(Try it) The expected response is the complete listing below, restated exactly, with its pictures omitted.

___ Provided material

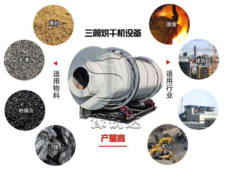 滾筒烘干機(jī)(rattler-drying machinery)是傳統(tǒng)的干燥設(shè)備之一,設(shè)備運(yùn)轉(zhuǎn)可靠,操作彈性大、適應(yīng)性強(qiáng)、處理能力大,廣泛應(yīng)用
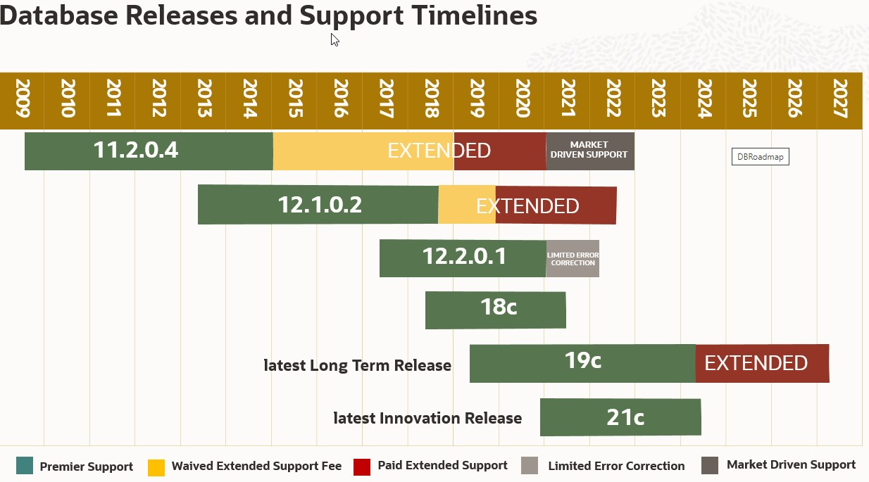 在我们开始之前,让我们看看当前的 Oracle 数据库实现和支持时间表
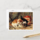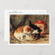 Postal de arte fino con la pintura, Tea Time (1905) Henriëtte Ronner-Knip (1821-1909), pintora holandés-belga del movimiento Romanticismo, famosa por sus representaciones de perros y gatos. La obra representa una adorable escena de gatitos bebiendo de una taza de té con una tetera de porcelana roja al fondo.

______

(Expected output)
 滾筒烘干機(jī)(rattler-drying machinery)是傳統(tǒng)的干燥設(shè)備之一,設(shè)備運(yùn)轉(zhuǎn)可靠,操作彈性大、適應(yīng)性強(qiáng)、處理能力大,廣泛應(yīng)用
 在我们开始之前,让我们看看当前的 Oracle 数据库实现和支持时间表
 Postal de arte fino con la pintura, Tea Time (1905) Henriëtte Ronner-Knip (1821-1909), pintora holandés-belga del movimiento Romanticismo, famosa por sus representaciones de perros y gatos. La obra representa una adorable escena de gatitos bebiendo de una taza de té con una tetera de porcelana roja al fondo.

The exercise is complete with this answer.